Der Petroyuan gewinnt an Dynamik, da vier wichtige globale Märkte konvergierende Signale senden. Physisches Öl, Aktienbewertungen, Yuan-Abrechnungen und Lieferketten für Seltene Erden driften alle von dollarbasierten Systemen weg.
China scheint bei jeder Verschiebung auf der günstigen Seite positioniert zu sein. Die Lücke zwischen physischen und papiergestützten Ölmärkten war seit 2008 nicht mehr so groß, was wachsende Aufmerksamkeit von Analysten auf sich zieht, die weltweit Rohstoff- und Währungsströme verfolgen.
Die Preise für physisches Öl haben sich in den letzten Wochen stark von den Futures-Märkten abgekoppelt. Dated Brent wird jetzt zu 141 $ gehandelt, während Futures bei 107 $ bleiben, eine Preisdifferenz von 34 $. Physisches Dubai erreichte 140 $, und physisches Oman erreichte 166 $. Diese Preisdifferenz ist die größte seit 2008.
Die Aktienmärkte preisen jedoch weiterhin eine vorübergehende Störung ein. Die MAG7 haben seit Beginn des Konflikts 1,1 Billionen $ an Marktkapitalisierung verloren.
Microsoft liegt 32 Prozent unter seinem Höchststand, und der S&P-Technologiesektor ist seit dem 28.02. um 8 Prozent gesunken. Energieaktien stiegen im gleichen Zeitraum um 6,6 Prozent.
Marktanalyst Shanaka Anslem Perera schrieb in sozialen Medien, dass „der Papiermarkt eine Lösung bepreist. Der physische Markt bepreist die Moleküle, die nicht da sind."
Diese Beobachtung spiegelt eine wachsende Kluft zwischen finanzieller Preisbildung und realen Angebotsbedingungen wider. Höhere Gewalt hat sich über zehn Länder ausgebreitet, wobei bisher keine Neustarts gemeldet wurden.

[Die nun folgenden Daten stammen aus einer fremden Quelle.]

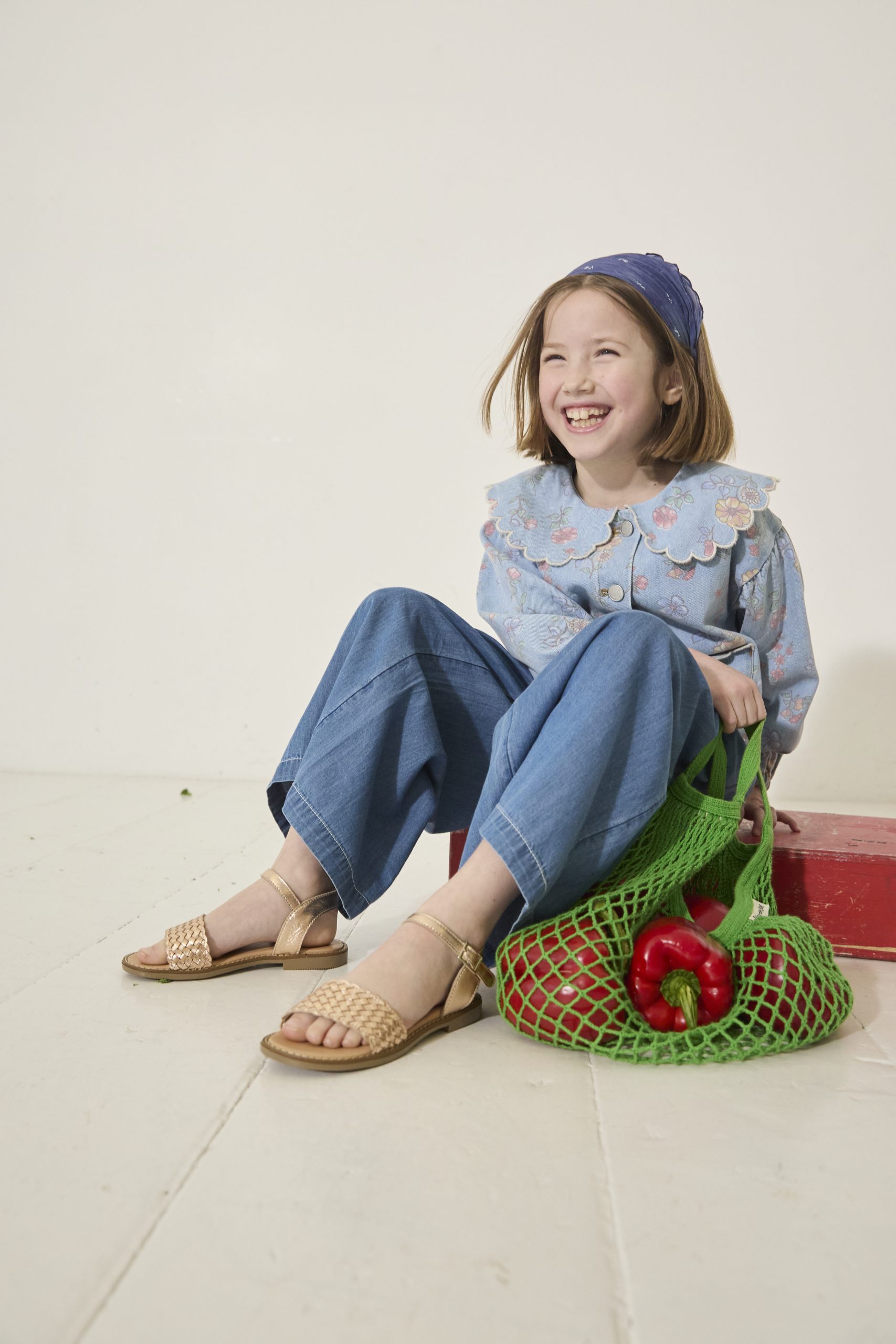 This pretty sandal in woven leather comes with a buckle ankle strap and a rubber sole. Versatile rose bronze metallic or white leather will work with absolutely everything in summer.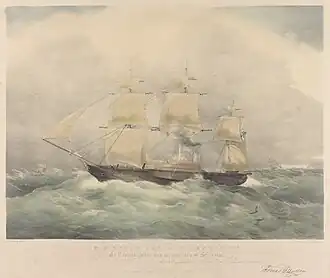 In September 1843 Penelope joined a royal squadron near Walmer Castle in Kent. It had the royal yacht HMY Victoria and Albert (1843), with Queen Victoria and Prince Albert on board and several other steam vessels including HMS Cyclops. The royal yacht brought the queen to Ostend on 13 September. The squadron continued and arrived in Vlissingen on 14 September, and then in Antwerp on the 15th. After visiting Bruges, Ghent and Brussels, Victoria visited Antwerp, where she embarked on her yacht and left on 20 September. While Penelope was in Antwerp she was visited by the Dutch Lieutenant Willem Huyssen van Kattendijke, an ADC to the director of the Dutch navy. He spoke to several officers of Penelope, and wrote an article about her.[17] After first citing an article in the Annales Maritimes,[18] he noted that the depth of Penelope was 21.5 feet (6.6 m) before Antwerp, that she made 9 knots (17 km/h; 10 mph) in good circumstances, but only 7–8 knots (13–15 km/h; 8.1–9.2 mph) in bad weather. Also that the weight of the machinery and coal, together 1,035 tons, was not in line with the displacement allowed by the added mid-section. He also claimed that her officers did not agree with the idea that she could transport a 1,000 soldiers to the Cape. Van Kattendijke concluded that it was clear that the experiment had not been as successful as had been hoped, but applauded the daring of the designers.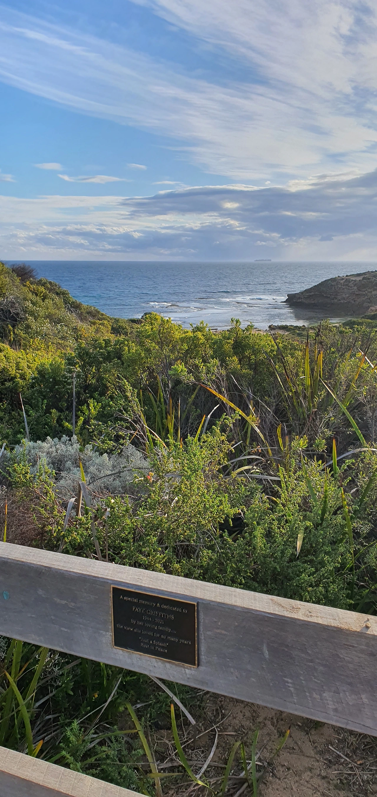 페이 그리핀스. 3년 전 77세로 죽은 그녀는 이 바닷가 풍경을 여러 해 동안 사랑했단다. 철썩이는 파도 소리 들으며 평안히 쉬시라고, 페이를 사랑했던 가족들은 그리움을 담아 작은 현판을 만들어 붙였다. 산책길 모퉁이, 수풀에 둘러 쌓인 쉼터의 작은 벤치에 앉아 몇 줄 안 되는 문장을 읽으며, 페이가 즐겼다는 풍경을 나도 바라본다. 파도 소리를 듣는다. 내 마음도 평안해진다. 수년 전 이 산책길을 꽤나 오르내렸을 페이를 만나고 그 가족의 사랑 담긴 마음도 헤아려 보며 걸음을 옮긴다.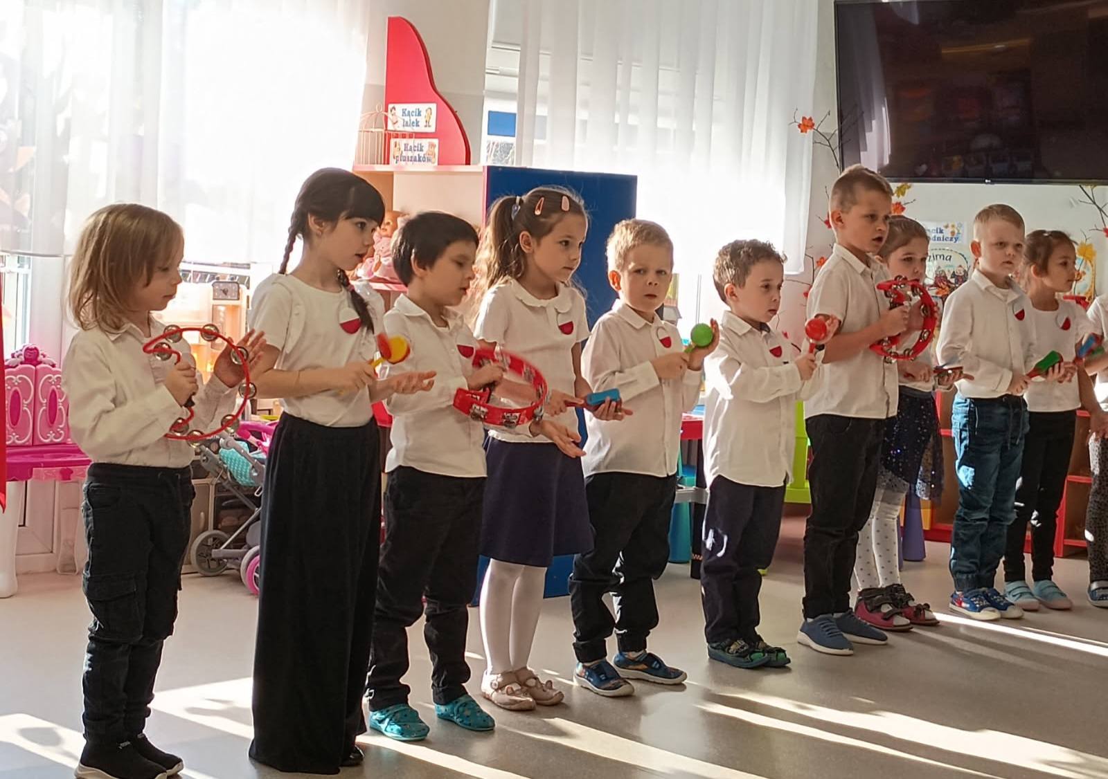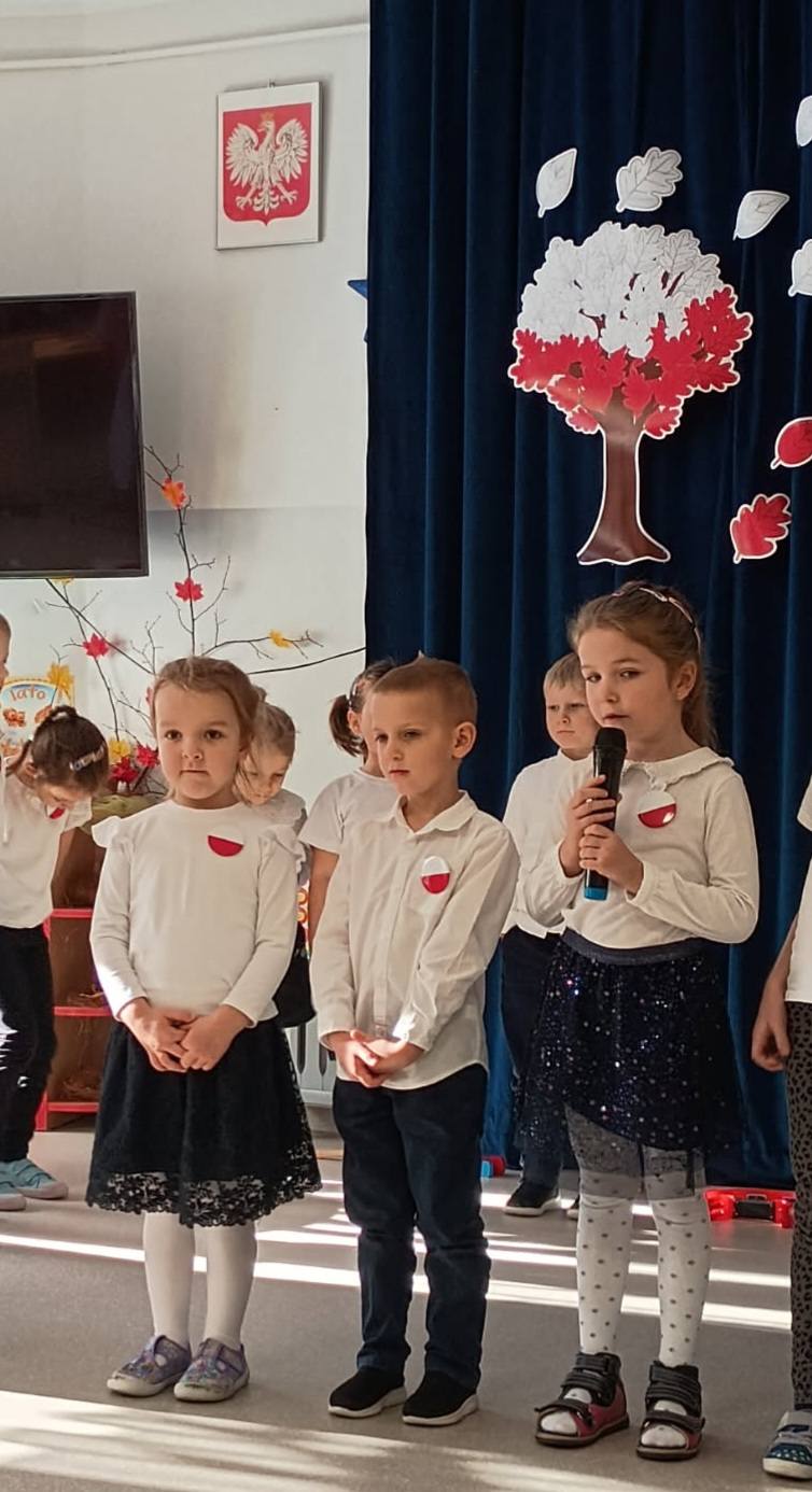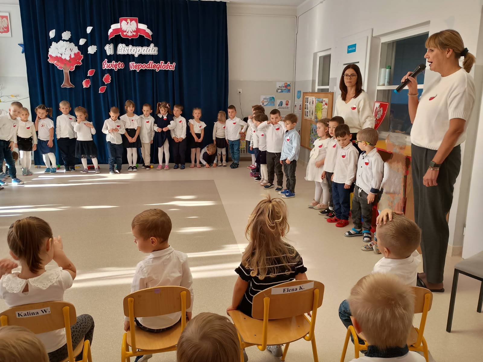 W dniu 7 listopada w przedszkolu odbyła się uroczysta akademia z okazji Narodowego Święta Niepodległości. Dzieci z grup Krasnale i Sówki zaprezentowały program artystyczny o tematyce patriotycznej. Następnie cała społeczność przedszkolna wspólnie odśpiewała hymn państwowy #SzkołaDoHymnu2025

Je länger die Störung andauert, desto mehr Druck baut sich auf papierbasierte Bewertungen auf. Analysten sagen, dass sich die Lücke zwischen physischer Lieferung und finanziellen Ansprüchen ohne tatsächliche Wiederherstellung der Versorgung möglicherweise nicht schließen wird. Die aktuelle Entwicklung deutet auf eine strukturelle, nicht zyklische Verschiebung hin.
Yuan-basierte Ölabrechnungen steigen über Chinas CIPS-Zahlungssystem stark an. Sechsundzwanzig Geisterfrachter haben seit dem 28.02. den Persischen Golf verlassen und Geschäfte in Yuan abgewickelt.
Das tägliche CIPS-Volumen stieg bis zum 09.03. auf 928 Milliarden Renminbi. Der Iran sendet 1,22 Millionen Barrel pro Tag vollständig außerhalb des Dollarsystems nach China.
Der Dollar hält immer noch 58 Prozent der globalen Reserven, aber die Abrechnungsströme verschieben sich. China fängt die Yuan-Volumina ein, die der anhaltende Konflikt täglich generiert.
Die IRGC arbeitet auch daran, diese yuan-basierte Ölarchitektur in ein dauerhaftes Gesetz zu überführen. Das fügt eine regulatorische Ebene hinzu zu dem, was als informelle Vereinbarung begann.
China kontrolliert auch 95 Prozent der weltweiten Produktion und Verarbeitung schwerer Seltener Erden. Im Jahr 2025 eingeführte Exportverbote haben bereits Automobilproduktionslinien in den USA und Europa stillgelegt.
Die amerikanische Diversifizierungsinitiative im Wert von 8,5 Milliarden $ ist noch Jahre davon entfernt, separiertes Dysprosium in großem Maßstab zu produzieren. Es ist kein kurzfristiger Ersatz entstanden.
Die Deutsche Bank beschrieb den Konflikt als die Entstehung des Petroyuan. Analysten sagen jedoch, dass diese Darstellung zu eng gefasst ist.
Der Krieg zeigt, dass die globale Finanzarchitektur auf papiergestützten Ansprüchen beruht, die sich zuverlässig in physische Lieferung umwandeln. Der Ablauf der Befreiung am 19.04. ist das nächste wichtige Datum, das die Märkte genau beobachten.